Motivation. During the work on CaM project, we were required to filter out repositories with samples. No readily available technique or tool existed that could perform that function, so we conducted research on this very subject.

The repository structured as follows:

  • sr-data, module that consists of a set of tasks that filters collected metadata about GitHub repositories.
  • sr-train, module for training ML models.
  • sr-detector, trained and reusable model for SR detection.
  • sr-paper, LaTeX source for a paper on SR detection.

Experiment's steps

Metadata collection

We collect two-fold metadata for each GitHub repository: numerical, and textual. For numerical we collect:

  • releases, the number of releases.
  • pulls, the number of pull requests.
  • issues, the total number of issues (opened + closed).
  • branches, the number of branches.
  • actions, the number of GitHub Actions workflow files. For textual: README.md file.

To run this:

just collect

You should expect to have sr-data/experiment/repos.csv with collected repositories and their metadata.

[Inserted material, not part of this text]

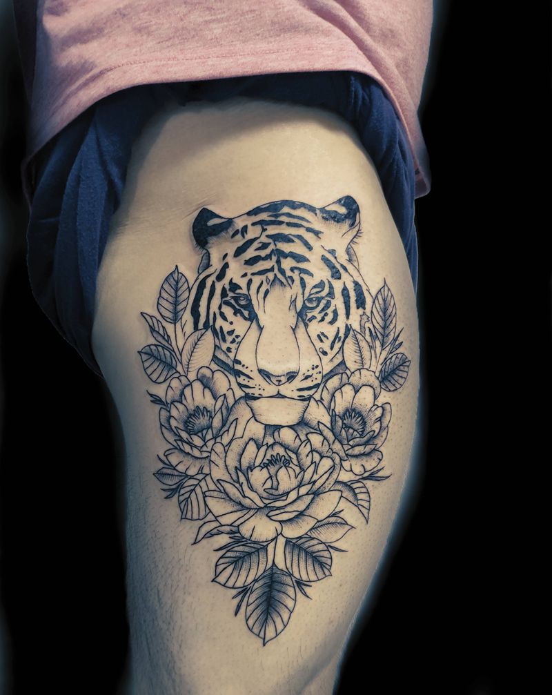 老虎纹身图片_腿部点刺纹身图案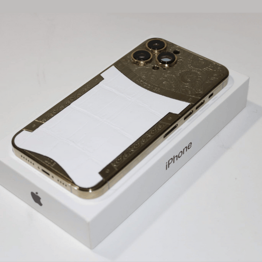 24k gold plated pure white genuine leather case for iPhone 13 Pro Max

To capture smaller amount of repositories you can run this:

just test-collect

You should expect to have sr-data/tmp/test-repos.csv, with the same structure as repos.csv, but smaller.

Filter

We filter collected repositories. We remove repositories with empty README file. Then, we convert README file to plain text and check in which languages file is written. We remove repositories with README file that is not fully written in English.

To run this:

just filter repos.csv

You should expect to have sr-data/experiment/after-filter.csv.

Extract headings

From each README file we extract it's all headings (text after #). We remove English stop words from each heading. Then, we apply lemmatization for each word, filter words with ^[a-zA-Z]+$ regex, and calculate up to 5 most common words across README headings.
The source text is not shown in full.